The monocrystal-like cathode material formed by aggregation of a plurality of monocrystal particles via the first sintering process and the second sintering process can be formed. In a preferred embodiment, a temperature of the second sintering treatment process ranges from 150° C. to 250° C. and a treatment time is 4-8 hours. The temperature and the treatment time of the second sintering treatment process are defined in the range, which is further favorable to improve the bonding degree of the coating layer and the nickel cobalt manganese lithium aluminate, such that the structural stability of the cathode material is further improved and the service life of the cathode material is prolonged.

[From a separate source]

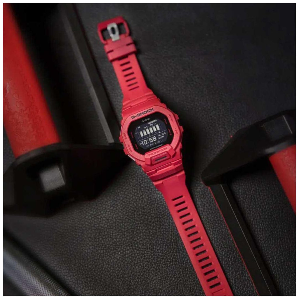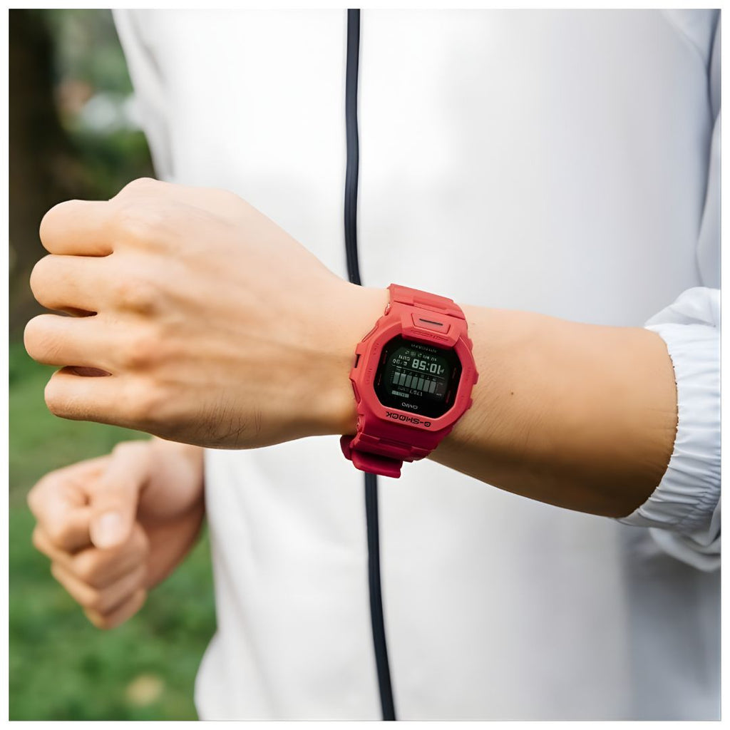 Presentamos un G-SHOCK deportivo en color rojo intenso. Lleve su entrenamiento al siguiente nivel con esta explosión audaz de color. Este reloj G-SQUAD, con todas sus funciones y estilo, le ofrece todo lo que necesita para entrenar al máximo. Acceda al GPS de su smartphone para medir el acelerómetro con precisión cuando desee analizar la distancia, la velocidad y el ritmo al correr, además de las calorías quemadas.

The application further provides a cathode material on the other hand. The cathode material is a monocrystal-like cathode material formed by a plurality of monocrystal particles, a particle size of the monocrystal particles being 100-2000 nm and a particle size D50 of the monocrystal-like cathode material being 2-7.5 μm, the cathode material including cobalt nickel manganese lithium aluminate and a coating layer coated to the cobalt nickel manganese lithium aluminate, the coating layer being lithium manganate and/or lithium nickelate formed by sintering a nickel source material and/or a manganese source material; or the cathode material being prepared by the method.

The cathode material with the above composition or prepared by the method provided by the method has the advantages of good electrochemical cycle performance, structural stability, long service life and the like. Preferably, the particle size D100 of the monocrystal-like cathode material is less than or equal to 38 μm.

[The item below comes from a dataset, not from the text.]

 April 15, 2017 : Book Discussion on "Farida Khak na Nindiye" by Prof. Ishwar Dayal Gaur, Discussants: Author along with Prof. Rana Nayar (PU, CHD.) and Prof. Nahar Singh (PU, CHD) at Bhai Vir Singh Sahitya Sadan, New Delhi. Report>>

In preferred embodiment, a chemical general formula of the cathode material is represented by a formula LixNiaCobMncAldMyRzO2, wherein x is greater than or equal to 1.00 but less than or equal to 1.35, y is greater than 0 but less than or equal to 0.01, z is greater than 0 but less than or equal to 0.01, a is greater than 0 but less than or equal to 0.92, b is greater than 0 but less than or equal to 0.06, c is greater than 0 but less than or equal to 0.03, d is greater than 0 but less than or equal to 0.03, the sum of a, b, c, d and z is equal to 1, M is one or more elements of Y, Sr, Mo, La, Al, Zr, Ti, Mg, B, Nb, Ba, Si, P and W and R is an element Ni and/or an element Mn. The cathode material with the above composition can enable elements to exert a great synergistic effect, such that the comprehensive performance of the cathode material is further improved favorably.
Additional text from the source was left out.